Since formally announcing its commitment to supporting Rust in Android in April 2021, Google began prioritizing the transition to memory-safe languages around 2019. This proactive shift has led to a dramatic decrease in memory safety vulnerabilities from 223 in 2019 to fewer than 50 in 2024.
The reduction in vulnerabilities is also attributed to advancements in proactive measures, moving from reactive patching to proactive mitigation and vulnerability discovery through tools such as Clang sanitizers. Google noted that memory safety strategies should evolve to emphasize “high-assurance prevention” by integrating secure-by-design principles into the very fabric of software development.

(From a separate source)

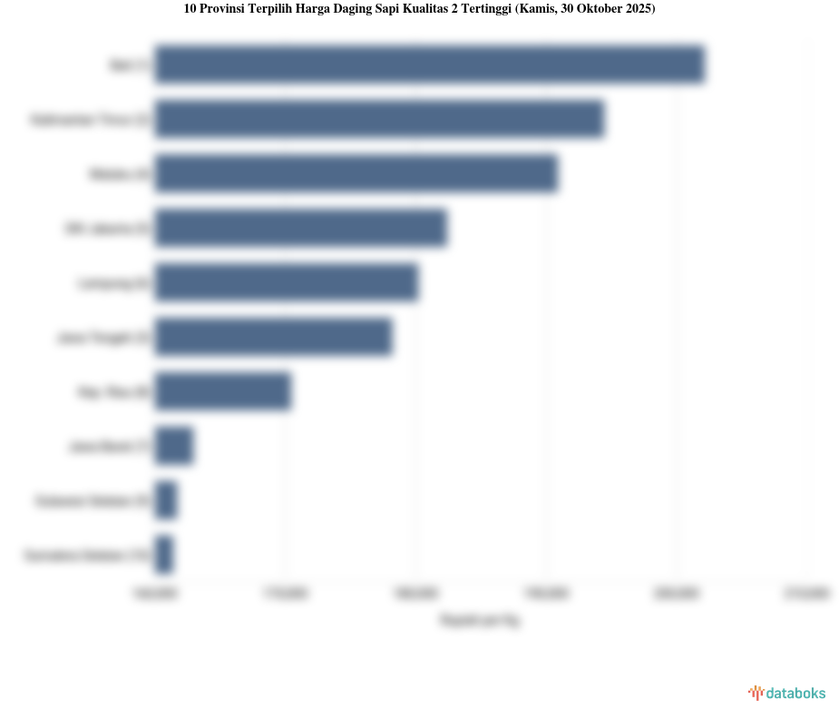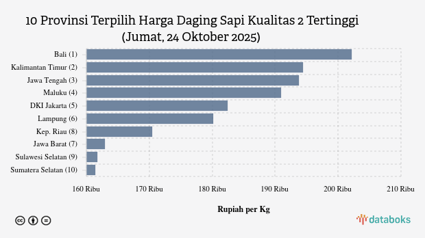 10 Provinsi dengan Harga Daging Sapi Kualitas 2 Paling Mahal (Jumat, 24 Oktober 2025)

“Instead of focusing on the interventions applied (mitigations, fuzzing), or attempting to use past performance to predict future security, Safe Coding allows us to make strong assertions about the code’s properties and what can or cannot happen based on those properties,” Vander Stoep and Rebert stated.
Furthermore, Google is concentrating on facilitating interoperability between Rust, C++, and Kotlin, rather than solely relying on code rewrites. This approach is seen as a “practical and incremental” strategy for adopting memory-safe languages and ultimately reducing entire classes of vulnerabilities.
“Adopting Safe Coding in new code offers a paradigm shift, allowing us to leverage the inherent decay of vulnerabilities to our advantage, even in large existing systems,” Google noted.
The company also announced an enhanced collaboration with Arm’s product security and GPU engineering teams to identify and address security shortcomings across the Android ecosystem. This partnership has led to the discovery of multiple memory issues in Pixel’s driver code and Arm’s Valhall GPU firmware.
“Proactive testing is good hygiene as it can lead to the detection and resolution of new vulnerabilities before they’re exploited,” both Google and Arm emphasized.